He figured it was the return of Grimes that had done it. When he'd shown up, rolling into camp as he was later told, with much fanfare and beaten up heroics, it had snapped that delicate balance the man had been nursing in his brain since this whole mess had started. The man had protected Grime's family throughout this whole fucked up mess, and before you did anything else, you had to respect a man for that. But in the end, he had banked far too much on those two, his heart, his mind, hell, probably even his sanity.

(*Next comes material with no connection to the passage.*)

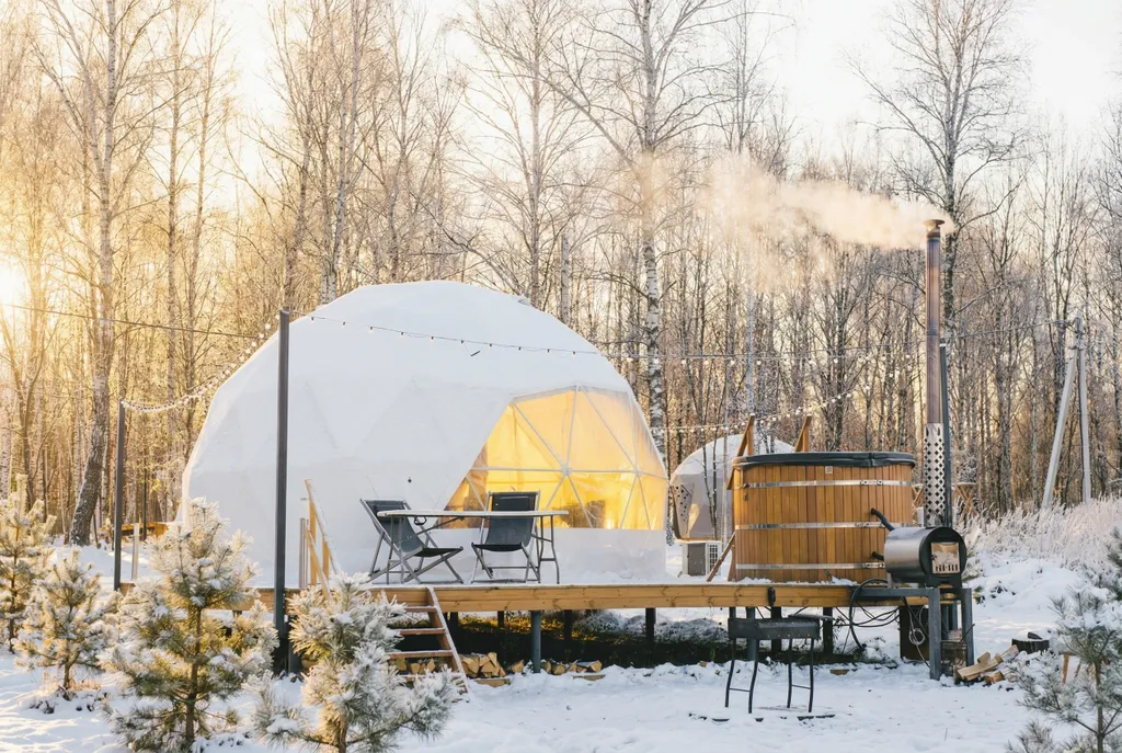 Геокупол с купелью — романтика, панорама и горячая вода под открытым небом. Если хочется вырваться вдвоём, вдохнуть тишину, встретить закат из купели и побыть в окружении чистой природы — выбирай геокупол с купелью. Это купольный домик с панорамным окном, стильным интерьером и собственной горячей фурако прямо на террасе. Идеально для 2–4 гостей. Здесь нет ничего лишнего — только комфорт, эстетика и тот самый момент. Для пар На двоих — лучше не бывает. Этот купол идеально подходит для: – годовщин, предложений, дней рождения – отдыха без экрана и суеты – сюрприза для любимого человека Внутри: – двуспальная кровать с мягким бельём (PREMIUM) качества – ванная с душем, феном, косметикой – мини-кухня с плитой, микроволновкой, посудой и чайником – Wi-Fi, колонка «Алиса», тёплый пол, кондиционер – проектор по запросу На террасе: ужин, купель, свет гирлянд и приватность. По запросу: оформление номера, ужин в номер, шампанское, баня, массаж. Для блогеров и эстетов Минимализм и эстетика — внутр

And now that Rick had returned, and they were no longer his to protect, well… All the signs were there. He knew the look.

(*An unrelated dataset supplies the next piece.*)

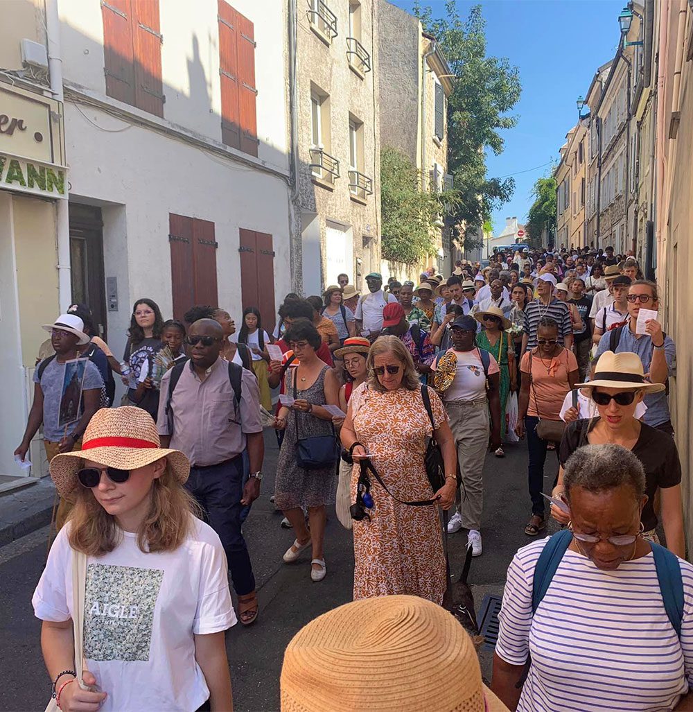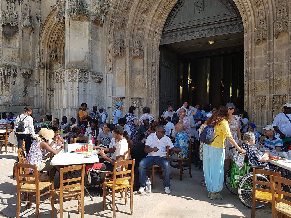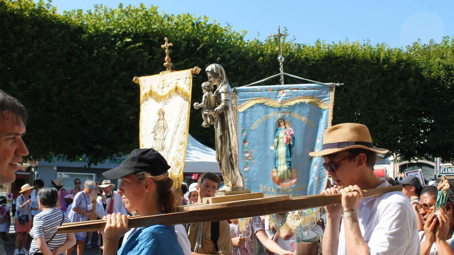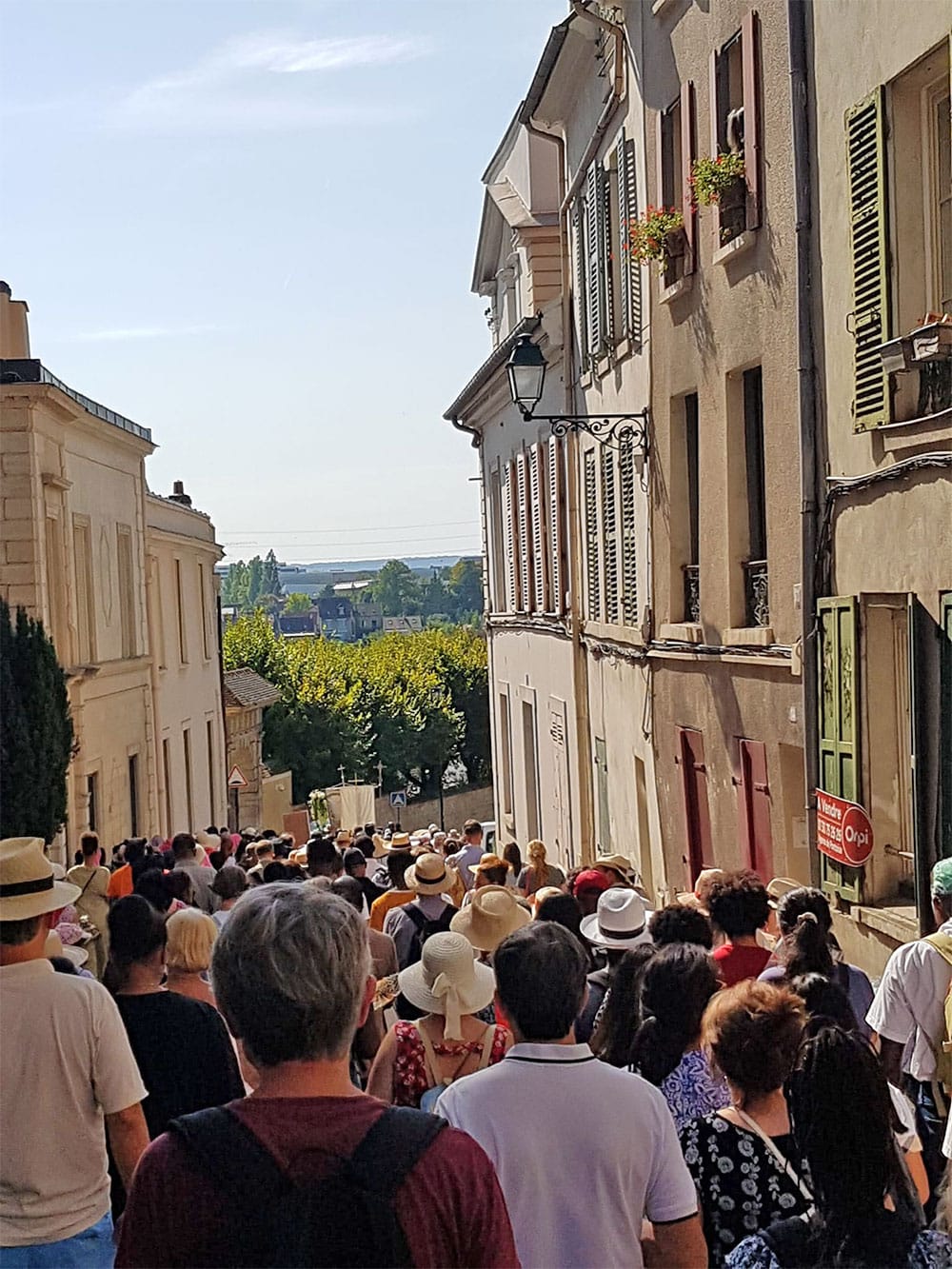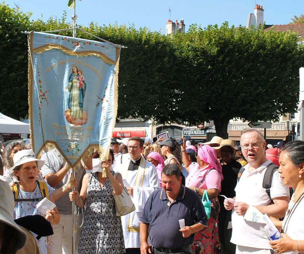 Nombreux étaient les pèlerins de différents pays et cultures qui sont descendus de la cathédrale Saint-Maclou vers l’église de Notre-Dame de Pontoise en procession, en portant les statues de Notre Dame et en priant.

Some people just couldn't take it. Merle was a good enough example of that, what with the drugs and all. Merle had always been fucked up, especially after his time in the slam. But never like this. Because nowadays Merle used like it was some sort of crutch, like he needed then more then ever. 'Just to take the edge off..' He'd say, forcing a smile across his trembling lips even as he reached for that cursed little bag in his vest's inner pocket. But in the end it was just a fuckin' excuse and even Merle knew it.

Grimes though, he was different. Because despite his rather unceremonious introduction into this brand new, fucked up world, he had to admit that the man was taking it remarkable well. Or as well as anyone could at any rate. Maybe it was the difference in his temperament, or maybe it was the fact that at the end of the day, he knew he had his family to come back to. Regardless, whatever it was seemed to temper and balance out the bad, providing him with a very visible sort of stability, the very same stability that Shane had only recently lost with his unexpected return.

He could tell though, if everything hadn't gone to shit, that Grimes would have been the kind of guy that he and Merle would have loved to hate. He was the long arm of the law personified. A do-gooder riddled through with so many good intentions that he could have made sugar cane rot. The man was outdated, like a relic from a different age. Because good intentions and a handsome face didn't mean dick out here these days.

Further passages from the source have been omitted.